Sentinel
Fine Arts Collection
U.S. General Services Administration
Sentinel functions as a ceremonial marker at the entrance to the Department of Veterans Affairs in Philadelphia. To create this emblematic sculpture, Clyde Lynds combined the two most recognizable and meaningful symbols of the United States – the American eagle and the flag. This hybrid image was cast by the artist in a concrete specially aggregated to resemble granite.
At night, the surface of Sentinel comes alive with a constellation of tiny lights, which are generated by the fiber optic threads embedded in the concrete.
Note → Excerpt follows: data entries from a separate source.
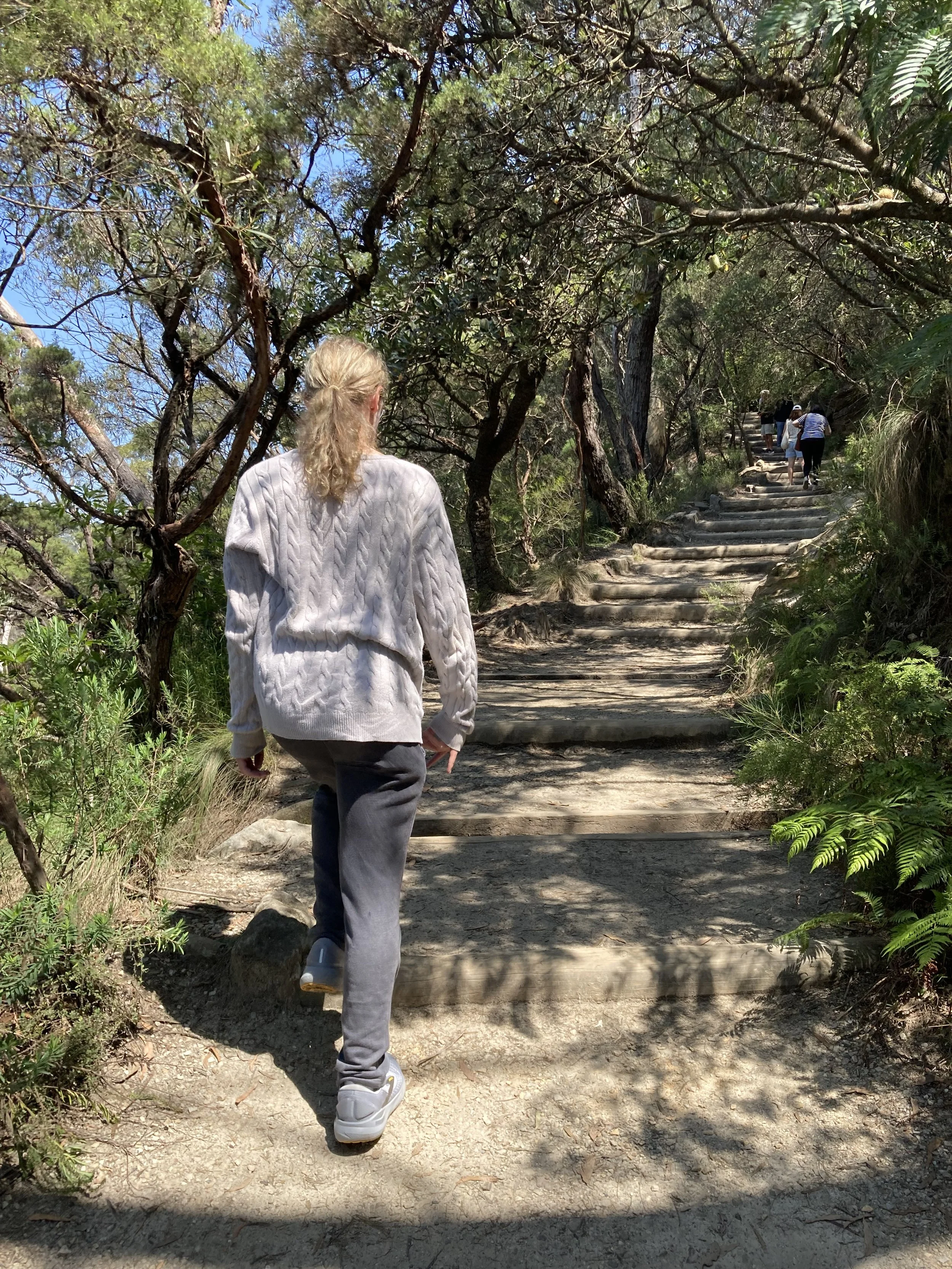 Here again, Violet and I could have spent several more hours – all day, in fact. The hike was spectacular. There are well carved steps into the stone with steel hand rails. Yes, it was crowded because of the three day weekend (did I mention it’s Australia Day tomorrow?) But other than the crowds, the hike was like standing at the summit the entire hike.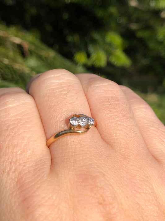 Vintage 18ct Gold Old Cut Diamond Trilogy ring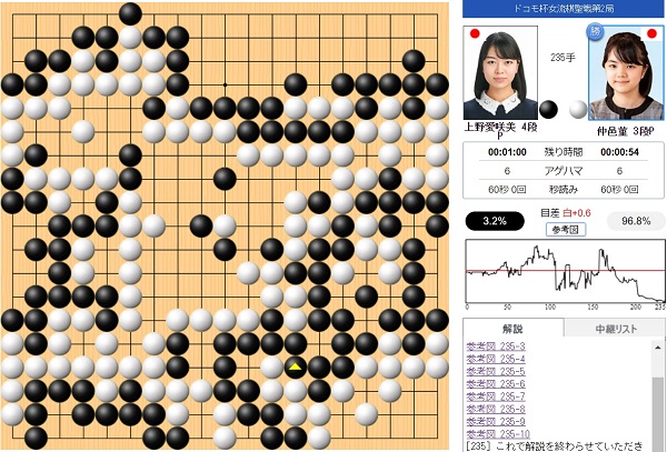連覇を目指す上野愛咲美女流棋聖に仲邑菫三段が挑戦する第26期ドコモ杯女流棋聖戦挑戦手合三番勝負(主催:日本棋院/協賛:株式会社NTTドコモ/協力:関西棋院)が1月26日(木)に日本棋院本院(東京・市ヶ谷)で打たれ、仲邑が235手までで白番半目勝ちをおさめ1勝1敗のタイとなった。

Mechanisms housed within the sculpture’s base direct this luminous ballet. The program of dancing lights culminates in a reconstruction of the night sky as seen from Philadelphia on July 4, 1776. Delicate lines of light that arc across the concrete represent the celestial meridian, zenith, and elliptical plane (the apparent path pf the sun across the sky). The dynamic, nocturnal display repeats over a cycle of several days.
Clyde Lynds maintains his studio in New Jersey, where he was born. The artist has received many other public commissions in cities such as Boston, Chicago, Hartford, and Santa Barbara. His additional works commissioned for GSA are for federal offices in New York and West Virginia; a border station in Nogales, Arizona; and a courthouse in Montgomery, Alabama.